Segment Start: Available data

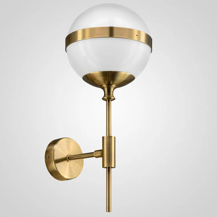 Настенный светильник с шарообразным стеклянным плафоном с металлическим обручем
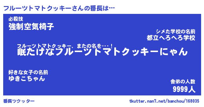 | 欧米人風あだ名 | 『マイケルフルーツトマトクッキー』 |
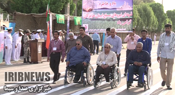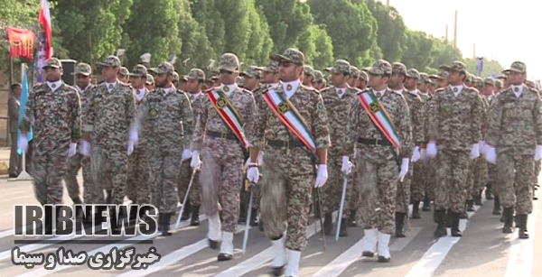 نیروهای مسلح مستقر در هرمزگان در ساحل خلیج فارس رژه رفتند.
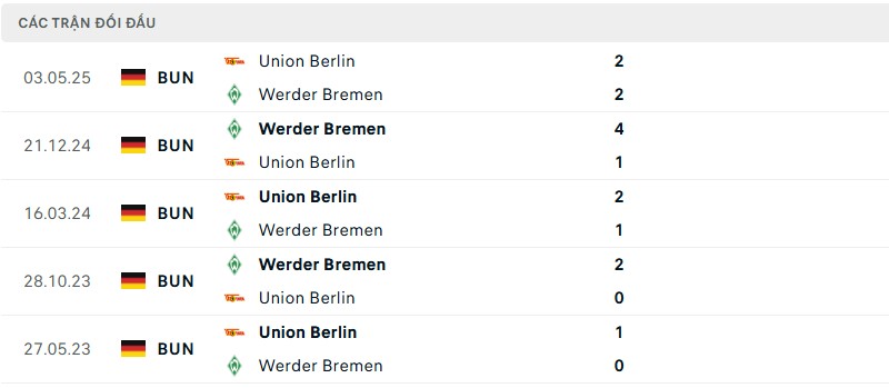 Lịch sử đối đầu khá cân bằng khi Union Berlin nhỉnh hơn chút với 3/6 chiến thắng gần nhất. Tuy nhiên, Bremen lại có lợi thế khi chơi tại Wohninvest Weserstadion. Đáng chú ý, các trận đấu gần đây thường có nhiều bàn thắng, với cả 3 lần gặp nhau gần nhất đều kết thúc với trên 2.5 bàn.
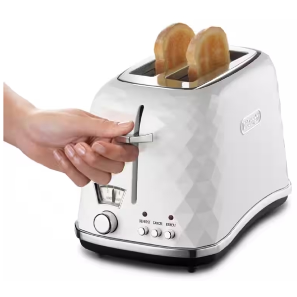 ტოსტერი DELONGHI CTJ2103.W არის თანამედროვე და მძლავრი მოწყობილობა, რომელიც განკუთვნილია გემრიელი და ხრაშუნა ტოსტის სწრაფად და მარტივად მოსამზადებლად. მისი 900 ვატიანი სიმძლავრე უზრუნველყოფს სწრაფად და თანაბრად შეწითლებას. ტოსტერს აქვს ორი სლოტი, რომლებიც შესაფერისია სხვადასხვა სისქის პურისთვის. აღჭურვილია რეგულირებადი შეწითლების კონტროლით, რომელიც საშუალებას გაძლევთ აირჩიოთ სასურველი დონე. "Defrost", "Reheat" და "Cancel" ფუნქციები ზრდის მოხმარების კომფორტს. მისი უნიკალური და ელეგანტური თეთრი (White) დიზაინი შექმნილია დახვეწილი და თანამედროვე სამზარეულოსთვის. მოსახსნელი ნამცხვრის თეფში აადვილებს გაწმენდას და შენახვას. DELONGHI CTJ2103.W - სტილი, სიმარტივე და გემრიელი საუზმე ერთ მოწყობილობაში.
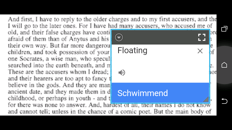 Floating Translator is a translation android app which has been designed for delivering maximum ease of use especially for scanned texts. With this app, you can seamlessly read you text without any interruption and every time you want, translate any part of your text with a nice resizable (pinch zoom, side swiping …) and highly flexible, movable and auto-focusable translate window. This app uses most reputed translators which is selectable by user. We highly recommend this for those who read foreign texts daily and needs an easy to use with complete features of a translator.
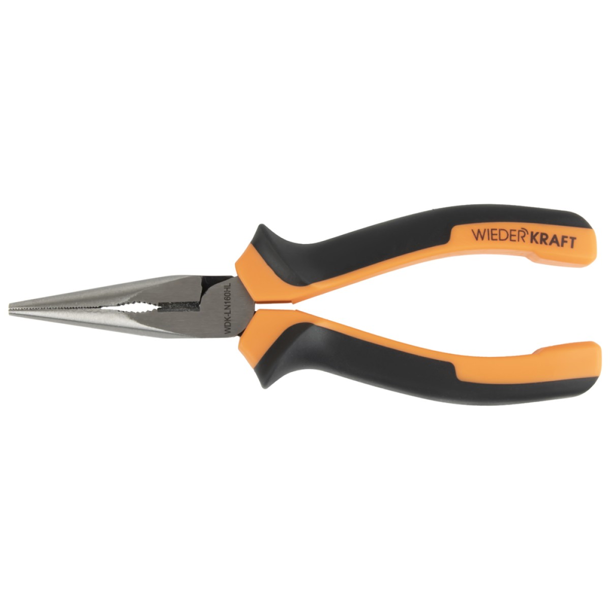 WDK-LN160HL Длинногубцы с двухкомпонентной рукоятью, 160 мм. Соответствуют стандарту DIN ISO 5745. Инструмент изготовлен из высокопрочной стали методом ковки и штамповки, рукояти из двухкомпонентного материала обеспечивают надежный хват и комфорт при выполнении работ. Губки и режущие кромки дополнительно обработаны лазером и усилены индукционным закаливанием.
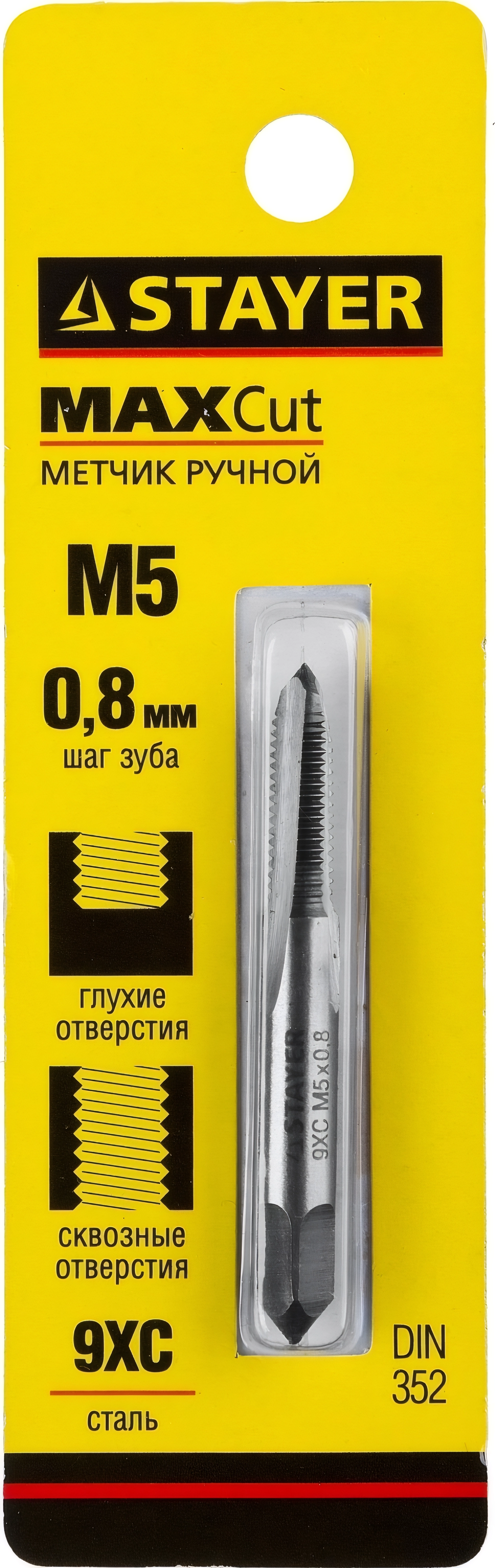 Одинарный метчик для сквозных и глухих отверстий STAYER M5 х 0.8
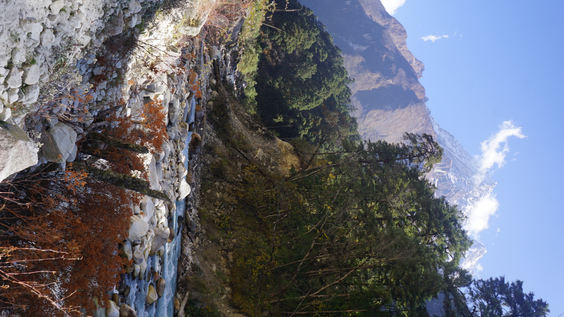 건물 오른쪽으로 계곡콜라(강)가 흘러 약간 추운감이 있었으나 겨울침낭에 들어가 추운줄 모르고 지난밤 비교적 잘잔 것 같다. 우리가 잔 곳은 오른쪽 건물 1층.
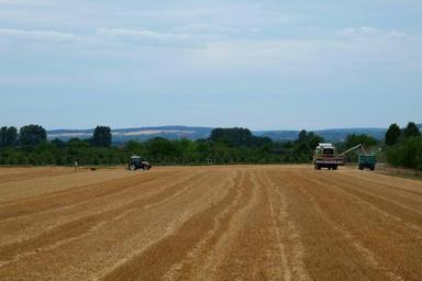 Keywords: harvest agriculture field cereals field crops arable mow harvester tractor summer harvested tractors nature stubble wide harvest time fields trailers landscape
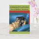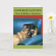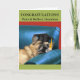 For Grandson, congratulations on graduation, paper greeting card. Paws & Reflect message with a German Shepherd resting on a blue leather couch and wearing a graduation cap. Customise the cover and interior text as you like. Art, image, and verse copyright © Shoaff Ballanger Studios, 2023.
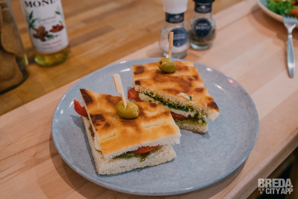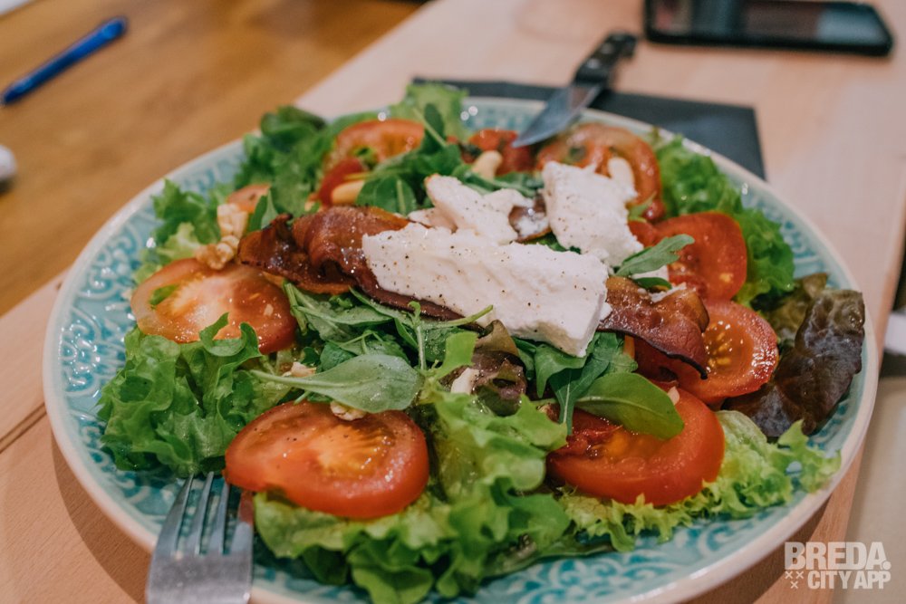De lunchkaart bestaat uit onder andere belegde focaccia, luxe salades en tosti's. Wij bestellen een focaccia caprese en de salade geitenkaas. Beide gerechten zijn absoluut een aanrader.
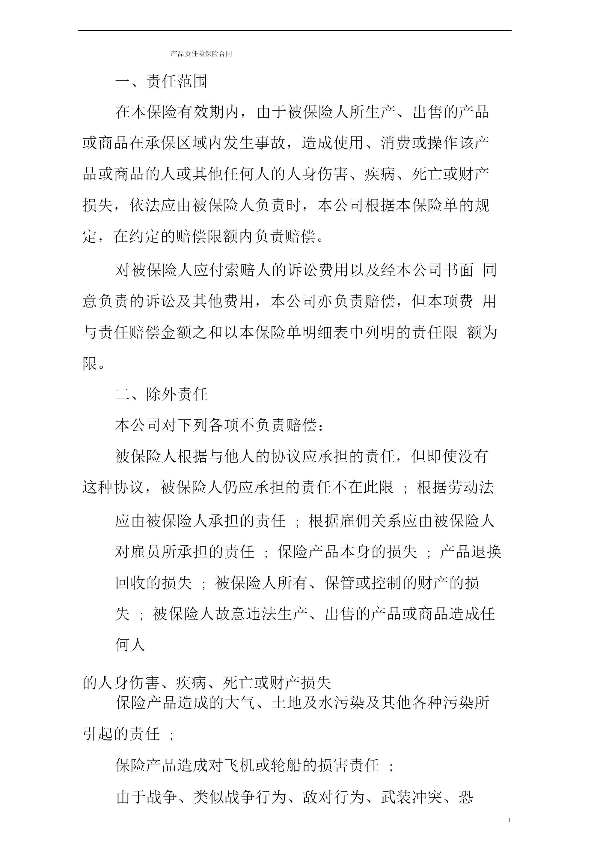 产品责任险保险合同一、责任范围在本保险有效期内,由于被保险人所生产、出售的产品或商品在承保区域内发生事故,造成使用、消费或操作该产品或商品的人或其他任何人的人身伤害、疾病、死亡或财产损失,依法应由被保险人负责时,本公司根据本保险单的规定,在约定的赔偿限额内负责赔偿。对被保险人应付索赔人的诉讼费用以及经本公司书面同意负责的诉讼及其他费用,本公司亦负责赔偿,但本项费用与责任赔偿金额之和以本保险单明细表中列明的责任限额为限。二、除外责任本公司对下列各项不负责赔偿:被保险人根据与他人的协议应承担的责任,但即使没有
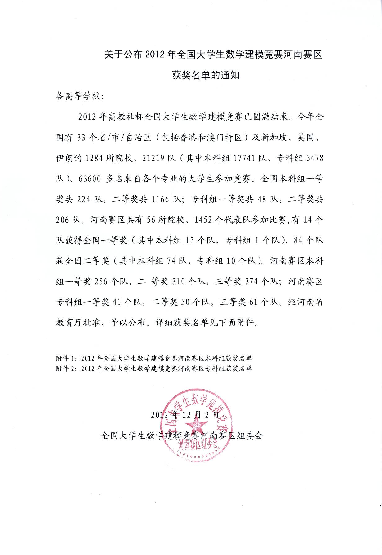 關于公布2012年全國大學生數學建模競賽河南賽區獲獎名單的通知
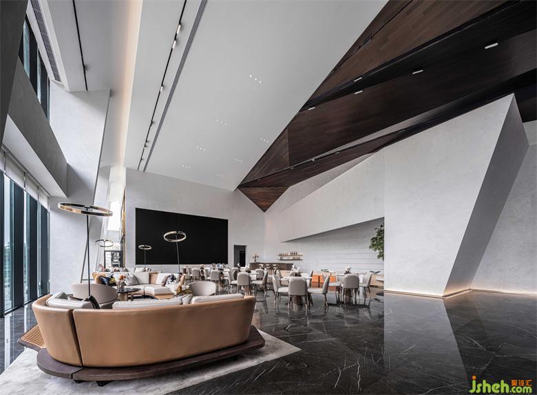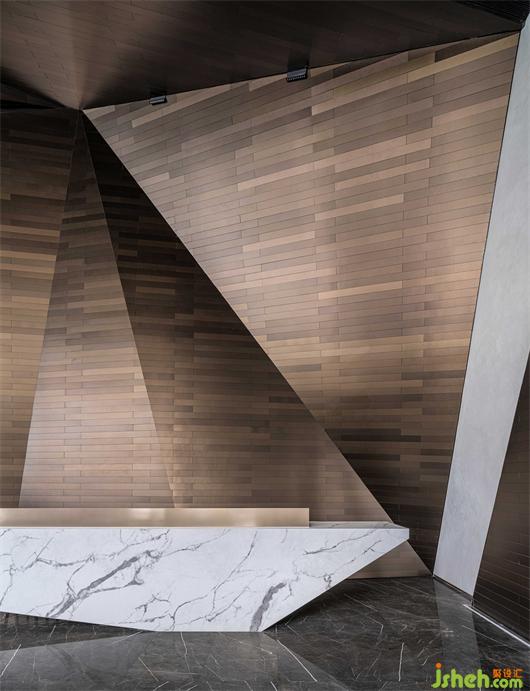 接待大廳以鏡面不銹鋼與幾何金屬防火板的碰撞融合,構(gòu)成空間的多維度群山造型呈現(xiàn)。沉穩(wěn)的大理石在廣博的紋理中,嵌入黑金漸變的色調(diào),婉若天空微亮前的山巒金頂,使觀者置身其中,產(chǎn)生對(duì)歷史記憶的共鳴。

Segment End: Available data

> [Problem statement]
Could you write out all the records exactly, without the pictures?

> [Reply]
 Настенный светильник с шарообразным стеклянным плафоном с металлическим обручем
 | 欧米人風あだ名 | 『マイケルフルーツトマトクッキー』 |
 نیروهای مسلح مستقر در هرمزگان در ساحل خلیج فارس رژه رفتند.
 Lịch sử đối đầu khá cân bằng khi Union Berlin nhỉnh hơn chút với 3/6 chiến thắng gần nhất. Tuy nhiên, Bremen lại có lợi thế khi chơi tại Wohninvest Weserstadion. Đáng chú ý, các trận đấu gần đây thường có nhiều bàn thắng, với cả 3 lần gặp nhau gần nhất đều kết thúc với trên 2.5 bàn.
 ტოსტერი DELONGHI CTJ2103.W არის თანამედროვე და მძლავრი მოწყობილობა, რომელიც განკუთვნილია გემრიელი და ხრაშუნა ტოსტის სწრაფად და მარტივად მოსამზადებლად. მისი 900 ვატიანი სიმძლავრე უზრუნველყოფს სწრაფად და თანაბრად შეწითლებას. ტოსტერს აქვს ორი სლოტი, რომლებიც შესაფერისია სხვადასხვა სისქის პურისთვის. აღჭურვილია რეგულირებადი შეწითლების კონტროლით, რომელიც საშუალებას გაძლევთ აირჩიოთ სასურველი დონე. "Defrost", "Reheat" და "Cancel" ფუნქციები ზრდის მოხმარების კომფორტს. მისი უნიკალური და ელეგანტური თეთრი (White) დიზაინი შექმნილია დახვეწილი და თანამედროვე სამზარეულოსთვის. მოსახსნელი ნამცხვრის თეფში აადვილებს გაწმენდას და შენახვას. DELONGHI CTJ2103.W - სტილი, სიმარტივე და გემრიელი საუზმე ერთ მოწყობილობაში.
 Floating Translator is a translation android app which has been designed for delivering maximum ease of use especially for scanned texts. With this app, you can seamlessly read you text without any interruption and every time you want, translate any part of your text with a nice resizable (pinch zoom, side swiping …) and highly flexible, movable and auto-focusable translate window. This app uses most reputed translators which is selectable by user. We highly recommend this for those who read foreign texts daily and needs an easy to use with complete features of a translator.
 WDK-LN160HL Длинногубцы с двухкомпонентной рукоятью, 160 мм. Соответствуют стандарту DIN ISO 5745. Инструмент изготовлен из высокопрочной стали методом ковки и штамповки, рукояти из двухкомпонентного материала обеспечивают надежный хват и комфорт при выполнении работ. Губки и режущие кромки дополнительно обработаны лазером и усилены индукционным закаливанием.
 Одинарный метчик для сквозных и глухих отверстий STAYER M5 х 0.8
 건물 오른쪽으로 계곡콜라(강)가 흘러 약간 추운감이 있었으나 겨울침낭에 들어가 추운줄 모르고 지난밤 비교적 잘잔 것 같다. 우리가 잔 곳은 오른쪽 건물 1층.
 Keywords: harvest agriculture field cereals field crops arable mow harvester tractor summer harvested tractors nature stubble wide harvest time fields trailers landscape
 For Grandson, congratulations on graduation, paper greeting card. Paws & Reflect message with a German Shepherd resting on a blue leather couch and wearing a graduation cap. Customise the cover and interior text as you like. Art, image, and verse copyright © Shoaff Ballanger Studios, 2023.
De lunchkaart bestaat uit onder andere belegde focaccia, luxe salades en tosti's. Wij bestellen een focaccia caprese en de salade geitenkaas. Beide gerechten zijn absoluut een aanrader.
 产品责任险保险合同一、责任范围在本保险有效期内,由于被保险人所生产、出售的产品或商品在承保区域内发生事故,造成使用、消费或操作该产品或商品的人或其他任何人的人身伤害、疾病、死亡或财产损失,依法应由被保险人负责时,本公司根据本保险单的规定,在约定的赔偿限额内负责赔偿。对被保险人应付索赔人的诉讼费用以及经本公司书面同意负责的诉讼及其他费用,本公司亦负责赔偿,但本项费用与责任赔偿金额之和以本保险单明细表中列明的责任限额为限。二、除外责任本公司对下列各项不负责赔偿:被保险人根据与他人的协议应承担的责任,但即使没有
 關于公布2012年全國大學生數學建模競賽河南賽區獲獎名單的通知
 接待大廳以鏡面不銹鋼與幾何金屬防火板的碰撞融合,構(gòu)成空間的多維度群山造型呈現(xiàn)。沉穩(wěn)的大理石在廣博的紋理中,嵌入黑金漸變的色調(diào),婉若天空微亮前的山巒金頂,使觀者置身其中,產(chǎn)生對(duì)歷史記憶的共鳴。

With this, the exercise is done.